Danish scientist created origami-style snake robot to be used for research and rescue (video)

March 13, 2024  22:28

A team of scientists from the University of Southern Denmark (SDU) has developed a unique origami-style snake robot capable of rectilinear locomotion and made from an innovative composite material based on ultra-high molecular weight polyethylene. This robot opens up new possibilities for search and rescue operations and exploration of inaccessible areas on Earth and other planets.

When most people imagine a snake crawling on the ground, they likely picture it winding in an "S" shape. In reality, this form of movement, known as serpentine locomotion, is just one of four that snakes typically use. The robot, developed by a team of Danish scientists led by doctoral student Burcu Seyidoğlu and Professor Ahmad Rafsanjani, moves using rectilinear locomotion, a method employed by snakes to navigate narrow spaces where more traditional modes of movement are not feasible.
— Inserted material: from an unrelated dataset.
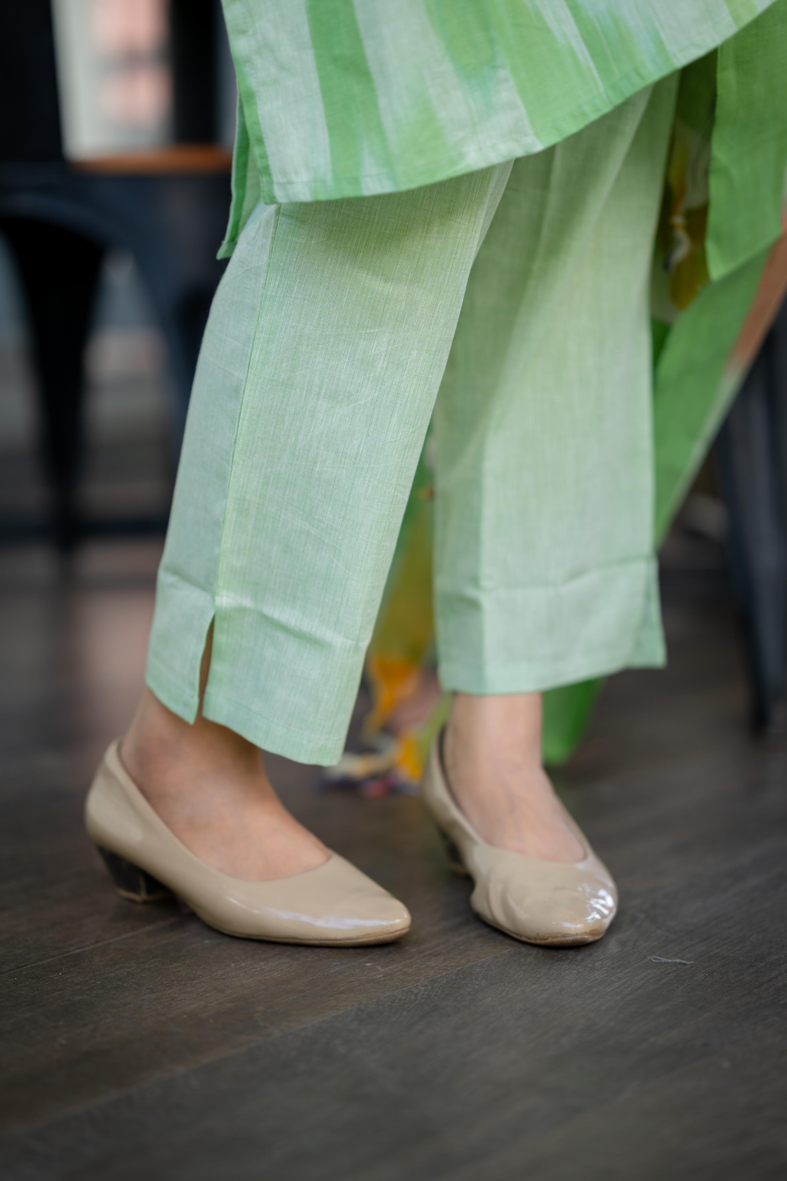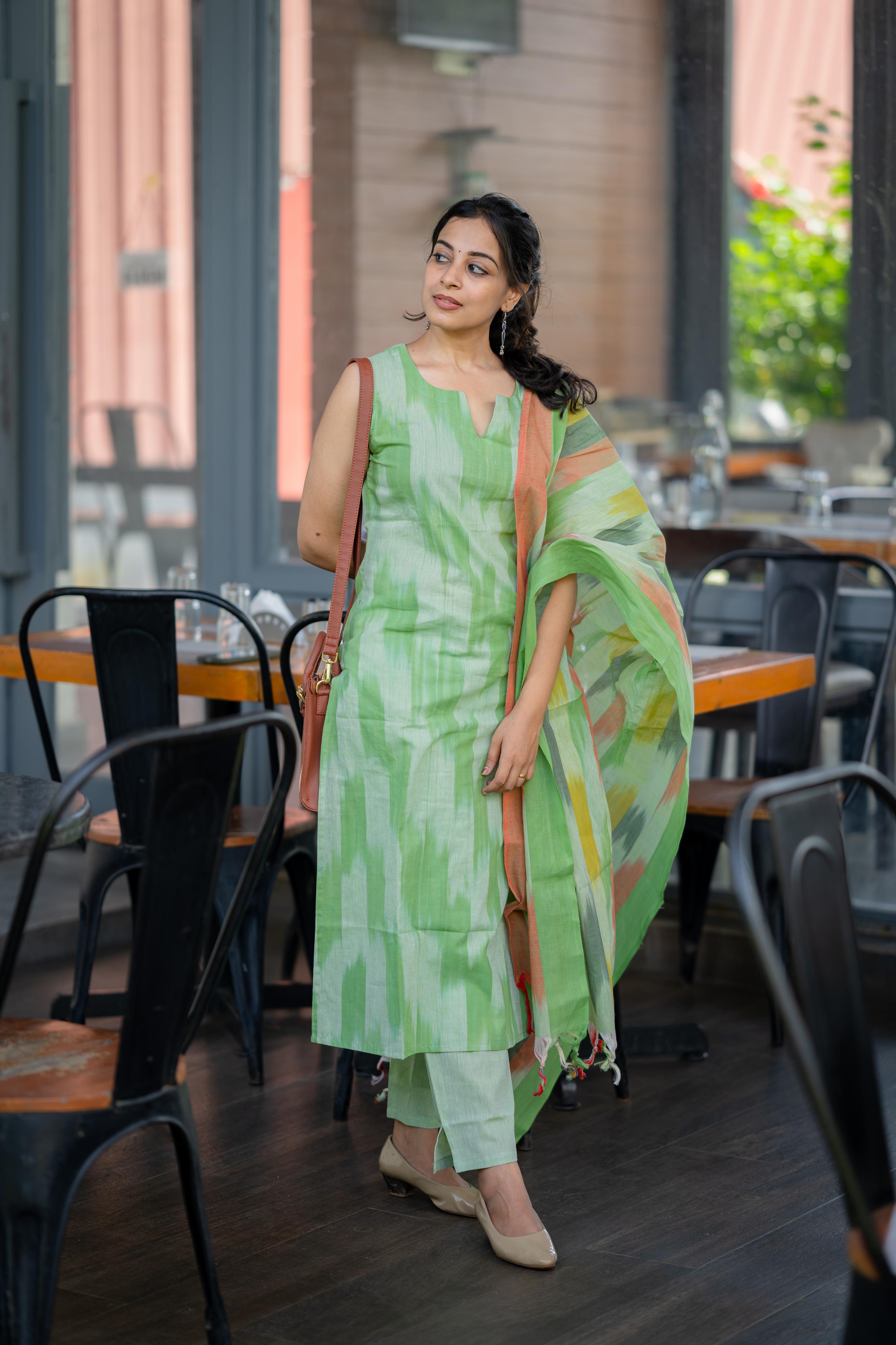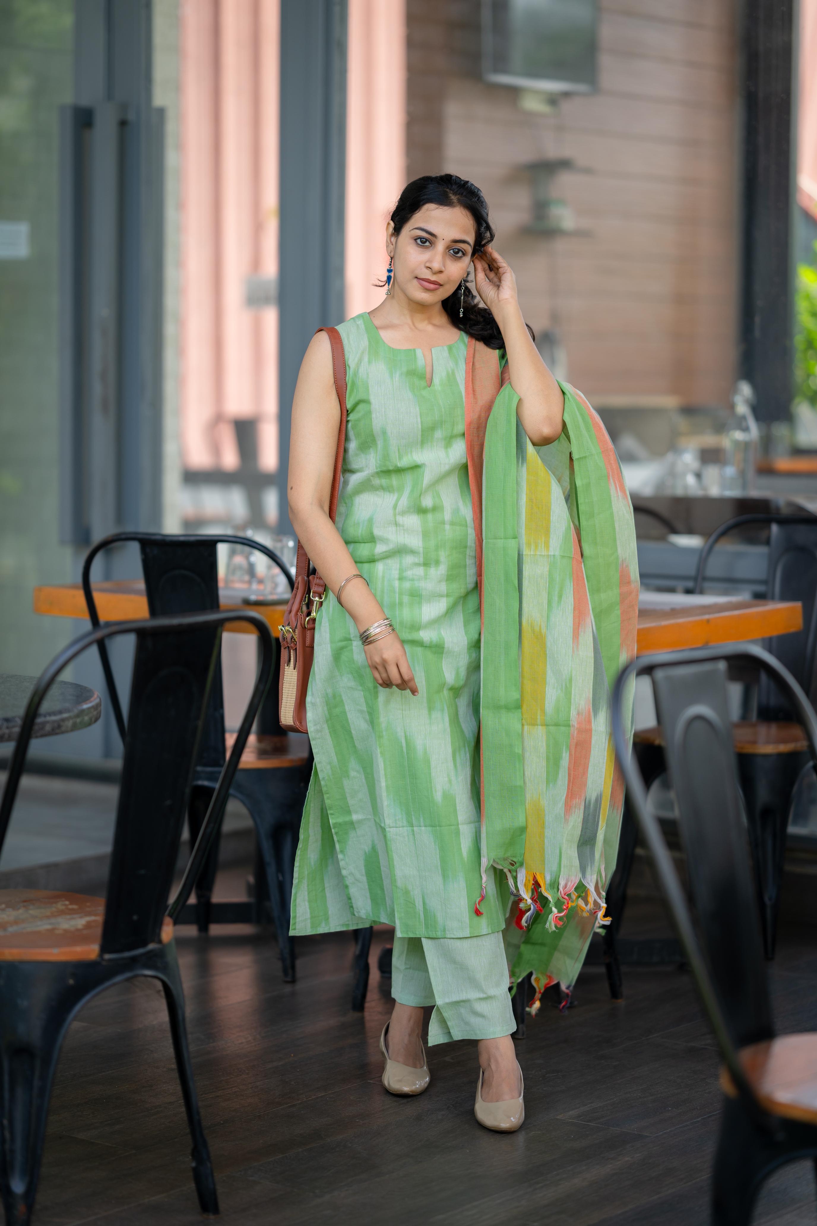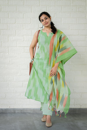 Kalki ( green ) - ikat handloom cotton suit set with dupatta in green colour

Rectilinear locomotion does not involve the twisting of the body but instead entails the sequential contraction and relaxation of muscles, starting from the head and ending at the tail. Thanks to the flexibility of the skin on the ventral side of the body, this method allows for effective gripping of the surface and pulling the body forward.

The robot's design embodies this principle with its modular segments made from lightweight composite material based on ultra-high molecular weight polyethylene (UHMWPE) — the strongest synthetic fiber in the world. This material is laser-cut and folded like origami before being subjected to thermal pressing to form corrugated segments. 

The robot's forward motion is achieved through semi-permeable air pouches, also made from the same material and located at the bottom of each segment. A silicone hose running along the inner part of the robot delivers pulses, inflating and deflating the air from these pouches, causing them to sequentially expand and contract. 

It is worth noting that this development offers several advantages over traditional snake robots: due to its lightweight, flexibility, and relatively inexpensive manufacturing, the robot can effectively penetrate hard-to-reach places while maintaining a straight body position. Currently, scientists are working on an autonomous version of the snake robot with an internal air pump, which is expected to increase its speed and maneuverability.